La licencia FIFA no es necesaria

Si eres agente de fútbol, si quieres serlo, o incluso si llevas muchos años trabajando en este oficio, a estas alturas, aun no tienes claro del todo, si necesitas o no la famosa “licencia FIFA” para poder ejercer tu profesión. La confusión es normal, y más aun, desde que el pasado año 2023, entrara en vigor el Reglamento sobre Agentes de Fútbol de FIFA, también conocido como el “FFAR”. Una norma privada, nacida en una entidad privada como es la FIFA, y territorio ajeno como es Suiza. Fue creada con vocación imperativa y universal, y abocada a la polémica desde sus orígenes.

Pero si la confusión no era poca, hace escasos días, desde FIFA, se anunciaba una suspensión temporal del reglamento, en algunos de sus términos en Europa, precisamente por el fracaso en su aplicación en la mayoría de los países del continente. En cualquier caso, independientemente de si el FFAR está suspendido o está vigente, los tribunales españoles acaban de pronunciarse al respecto.

NO NECESITAS LA LICENCIA FIFA y en este artículo te explico por qué.

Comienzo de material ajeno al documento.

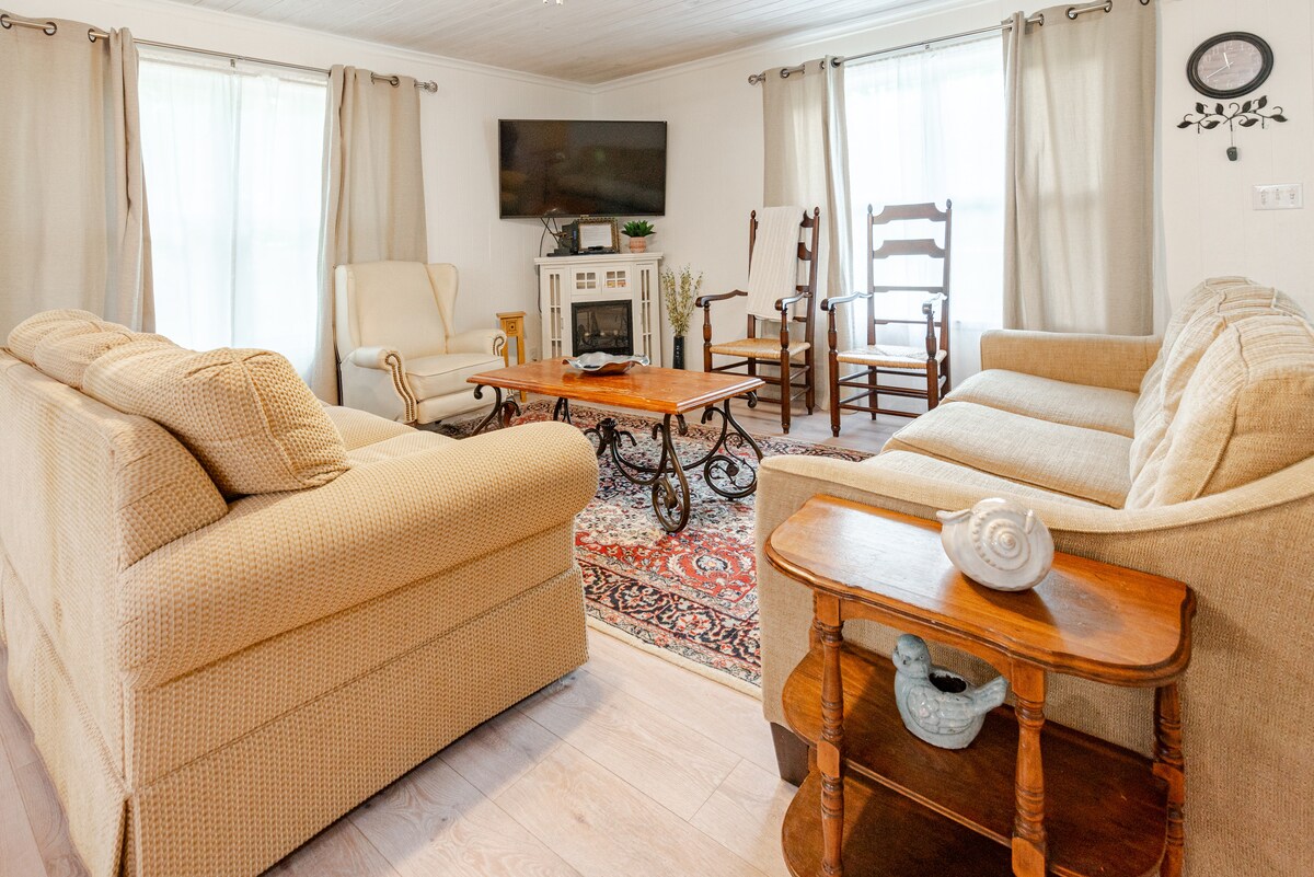 Relájate en un luminoso alojamiento de 4 dormitorios y 2 baños en Daphne con techos abovedados y estilo costero, con capacidad para 10 personas. Lugar privilegiado: a 5 minutos de la I-10, a 5 minutos de Mobile Bay ~ a poca distancia en auto de las playas, Mobile y Fairhope. Disfruta de la sala de estar abierta, la cocina surtida y el porche con mosquitero. Habitación principal tamaño king + 3 habitaciones tamaño queen (2 queen en una) 5 camas ✔️Porche con mosquitero ✔️4 televisores inteligentes ✔️ Wifi ✔️Lavadora/secadora y amplio estacionamiento ✔️Barrio tranquilo Auto check-in, apto para familias, libre de humo. ¡Reserva ahora!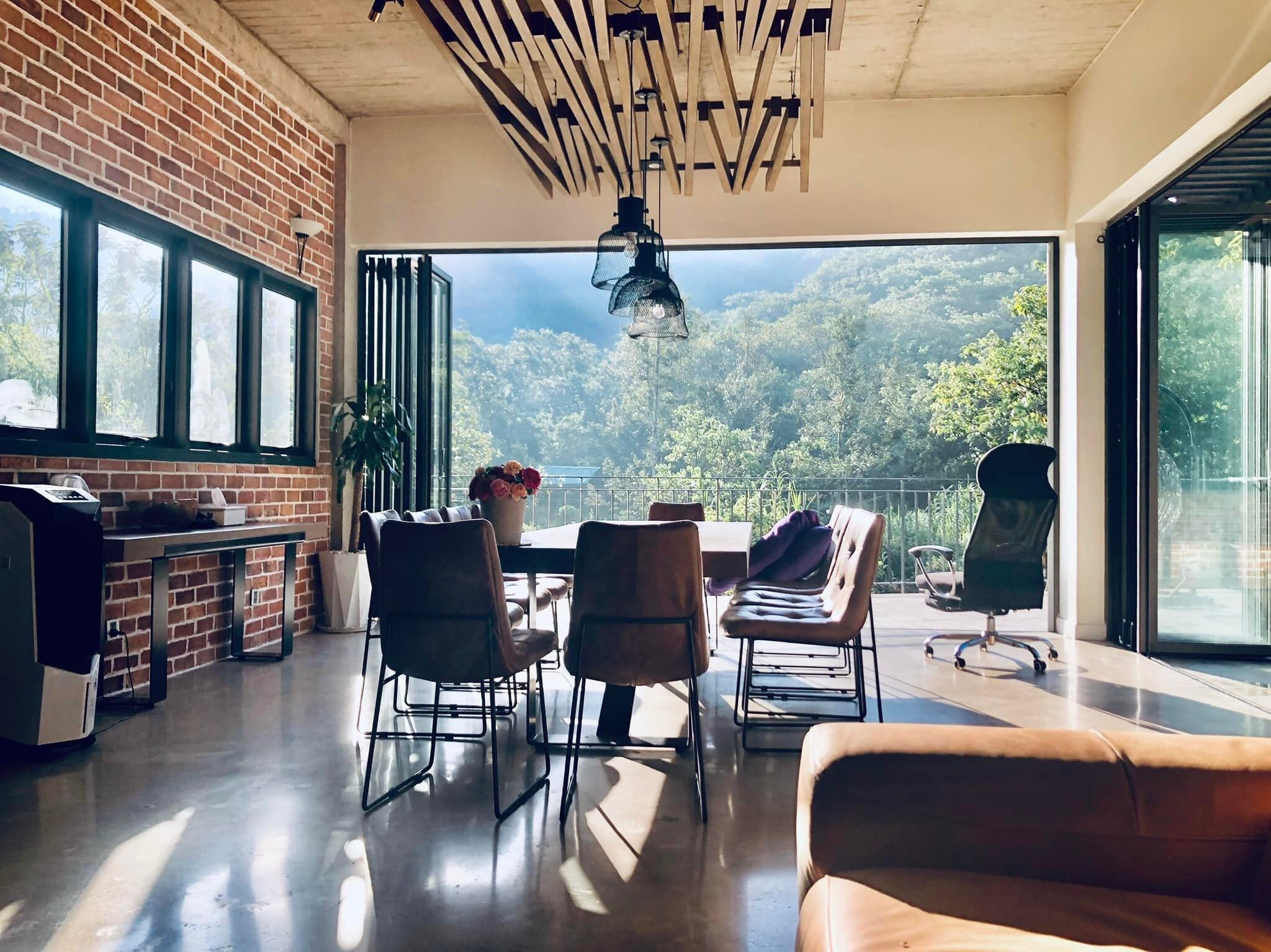 Các phòng chức năng chủ yếu được thiết kế mở với hệ cửa kính lớn. Khi cần, gia chủ mở cửa kính rộng sang sát hai bên, tạo cảm giác không gian sống như "chạm" trực tiếp vào thiên nhiên xung quanh.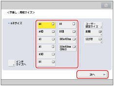 インチサイズを選択する場合は、[インチサイズへ]を押します。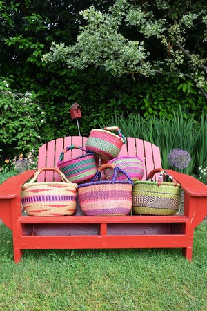 Artisans in the Bolgatanga region of Ghana weave these beautiful, durable baskets from colorfully-dyed elephant grass. A popular choice among green shoppers, busy mothers and picnic planners worldwide, Bolga baskets are made to be used, while remaining functional and beautiful for years. Sold singly in assorted colors and patterns. Each basket is unique. Dimensions: 18.5"L x 18"W x 18"H Crafted from: Elephant grass, dye, leather.

El texto redactado por FIFA, más que ser una norma “para” los agentes, parecía desde el principio estar hecha “contra” los agentes. Una lista interminable de limitaciones, prohibiciones y restricciones a los derechos de este actor elemental del ecosistema del fútbol. Un verdadero ataque a la libre competencia y a la libre profesión. Afortunadamente, en los principales países que operan en la industria del fútbol a nivel mundial, el reglamento, como decíamos, no está funcionando precisamente por eso. En países como Alemania, Italia, Francia, Inglaterra, España, o Brasil, ya sea a través de medidas cautelares, decisiones arbitrales, o directamente, por ser contrario a las normas locales o europeas, muchas de las limitaciones que intentaba imponer FIFA, cuando no todas, no están operando ni si quiera para los propios “agentes FIFA”. Dinamarca y la misma Suiza, se acaban también de sumar al grupo de territorios donde no estaría operando el reglamento.

Dentro de la larga lista de prohibiciones, hay dos exactamente que son de suma relevancia para los agentes: la necesidad de la licencia y las limitaciones relativas a honorarios. Por un lado, el Reglamento de FIFA, específicamente obliga a contar con su licencia para poder operar como agente de fútbol a nivel mundial. Por otro lado, restringe la libertad de pacto de honorarios, imponiendo exactamente a los agentes cuánto, cómo y cuándo pueden cobrar por su trabajo.

Obligatoriedad de contar con una licencia FIFA

Respecto a la obligatoriedad de contar con una “licencia FIFA” para poder ejercer como agente, deben tenerse en cuenta dos criterios muy sencillos de entender. Por un lado, como cualquier norma que emane de una entidad privada, nunca va a desplegar efectos más allá de sus miembros. Es decir, que cualquier agente que decida voluntariamente no afiliarse a esta asociación, nunca podrá estar sometido a su régimen.

Por otro lado, desde el concepto más básico, no puede perderse de vista que ser agente en el fútbol es una profesión libre, para cuyo ejercicio no necesitas contar con ningún título, como pudiera ser el de médico o abogado. Al igual que el agente de un/a artista, un/a influencer, o el agente de cualquier otro deporte, no precisan asociarse a ninguna entidad privada, pasar un examen, o pagar unas tasas en ninguna asociación privada extranjera, en el fútbol tampoco.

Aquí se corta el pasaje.